Have you ever wanted to make a big change in your life?
The kind of change that would improve things tenfold… but terrifies the crap out of you?
That where I’m at. So I’m doing something about it. And I’m sharing how you can, too.
If you missed my last post, I shared that 2019 came with the realization that I need to spend more time doing what I love: Art. So this week, I recorded my game plan for becoming a professional artist.
Now, artsy-ness isn’t everyone’s jam. But don’t tune out yet. Because if you want to make any change in your life or business, you’ll want to follow the same steps:
1) Define who you want to become (not what you want to do)
Let’s say you want to build some muscle, so you decide you’ll work out more. That’s dandy. But the problem is, the person you are today isn’t equipped to do that. If you were, you’d already be doing it. You need to become a new person.
Does that make sense? It sounds silly, but it’s a useful mindset shift. It’s the same concept behind the phrase “What got you here won’t get you there.”
The key to massive change isn’t just adding a task to your to-do list. It’s becoming a person who’s able and willing to do that task automatically, over and over again.
Focus on BEING the person, not DOING the thing. When your mind is in the right place, the doing will happen on its own.
2) Find out what that person does every day
Okay, so you need to become someone who works out regularly. Now, you have to move from the mindset to the tactical. On a practical level, what does a person like that do every day?
Maybe they go to the gym before work.

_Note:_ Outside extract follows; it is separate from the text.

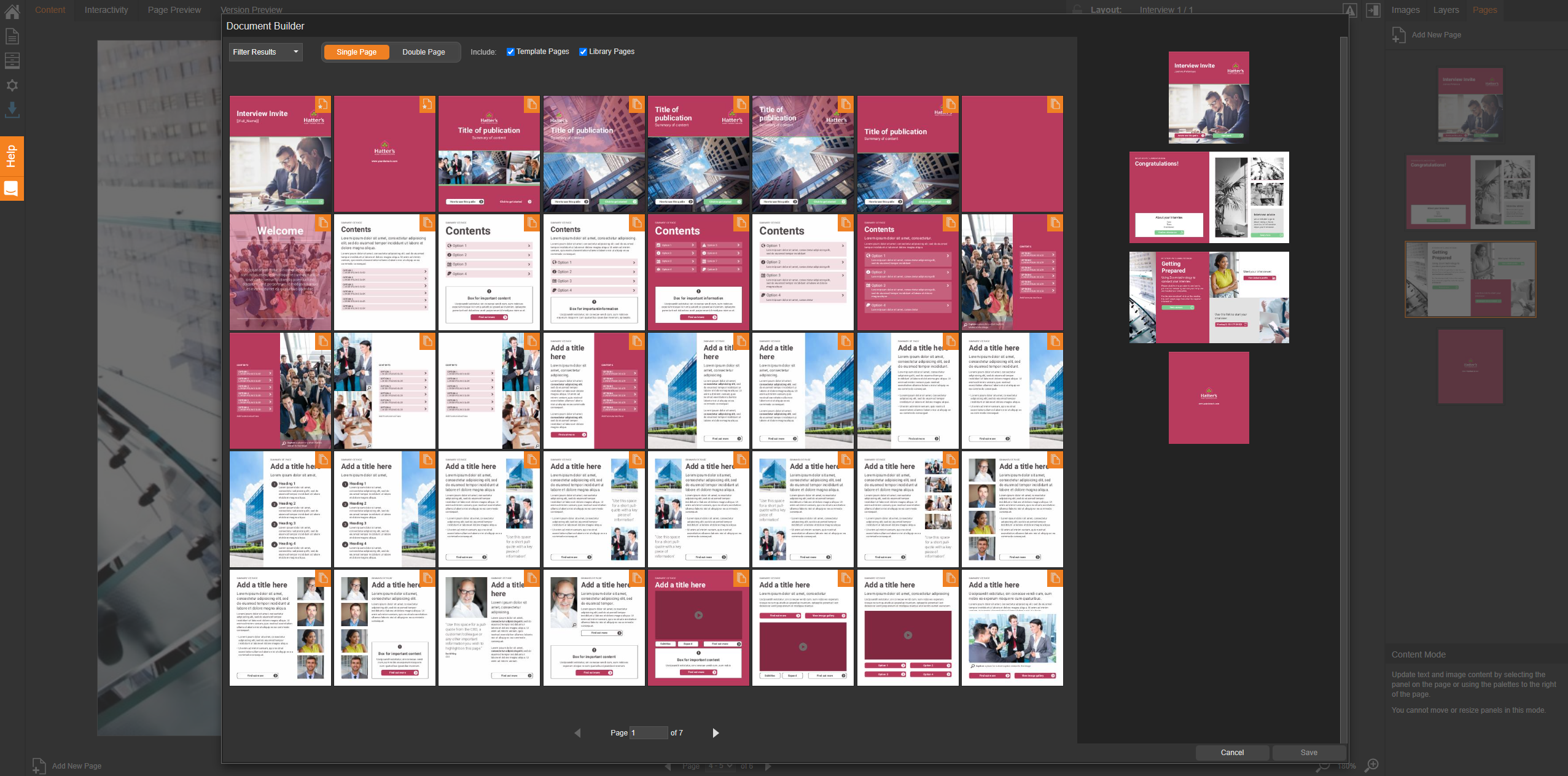 Add and manage pages in your document using the Document Builder; it's quick to use, and will help you to create your desired design in a matter of clicks.

They probably have a healthy eating plan, and they hang out with other fit-minded folks.
Your goal here is to build a mental image of the alternative lifestyle you want to take on. But getting the exact answers requires research. Look up blogs of people who are doing what you want to do. Find role models wherever you can. Look at what they’re doing every day. Take note.
And this applies to anything. You want to become a professional chef? Look up your kitchen heroes on Wikipedia and search YouTube for interviews. See how they live their life—or, maybe, how they lived their life in their earlier days of chef-dom. That probably means cooking every day, attending cooking events, staying current on cool food trends… I don’t know. But you will soon. Get out there and make a list.

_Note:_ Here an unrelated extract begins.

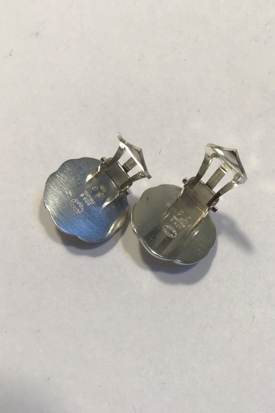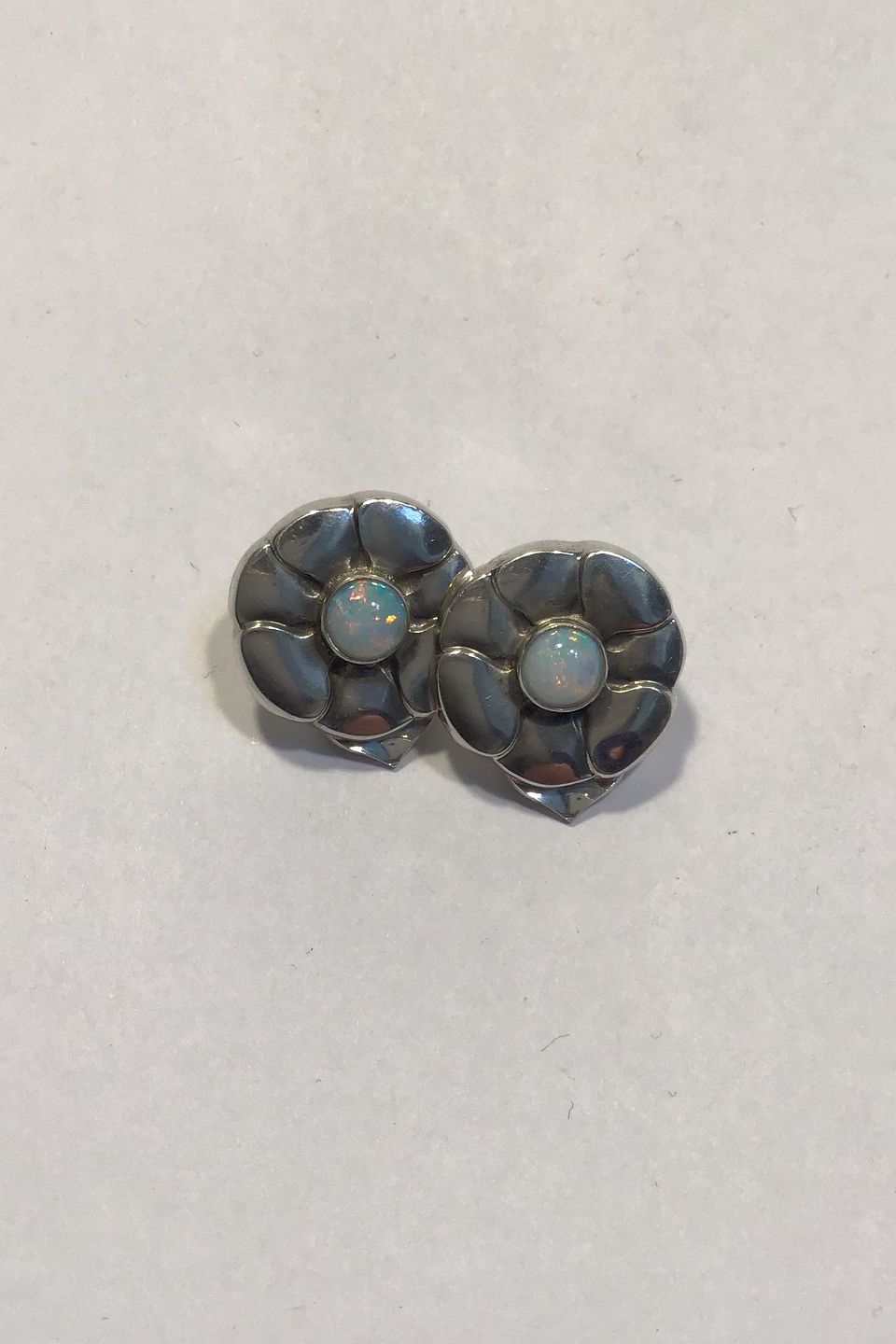 Georg Jensen Sterling Sølv Øre clips No 36 Opal Måler Diam 1.6 cm Samlet Vægt 10 gr

3) Now, live as much like that person as possible
When you feel unmotivated, ask: Would my ideal self sit here, or would they go do thing?
They’d go do the thing. Of course.
It’s all about setting aside the time to do the activities that will move you toward your goal.
Now sometimes, change starts really small. You’re only able to work out on weekends, or you don’t have time to focus on your cooking skills every night. It doesn’t matter. The point is to take action. Get in motion and stay in motion. Once you’re moving, the next steps become clear.
4) Practice intentionally
Learning a new skill is addicting. Those first few weeks, you see a lot of change. And then it inevitably plateaus. The workout gets boring. You’ve got a few recipes down and never seem to have time to experiment with new ones. You start to become complacent.
Guess what? That’s perfectionism. That’s fear. There’s a scared voice telling you to just stick with what you know because you’re so good at it already. But it’s a trap.
This is where intentional practice has to take over. It’s not enough to do the same thing over and over. Especially for a big change, you have to keep moving forward. Staying in one place is actually falling behind.
So get out there and find where you need to improve. Dedicate yourself to completing the change. And this doesn’t have to be on your own—take classes, find mentors, learn from your community.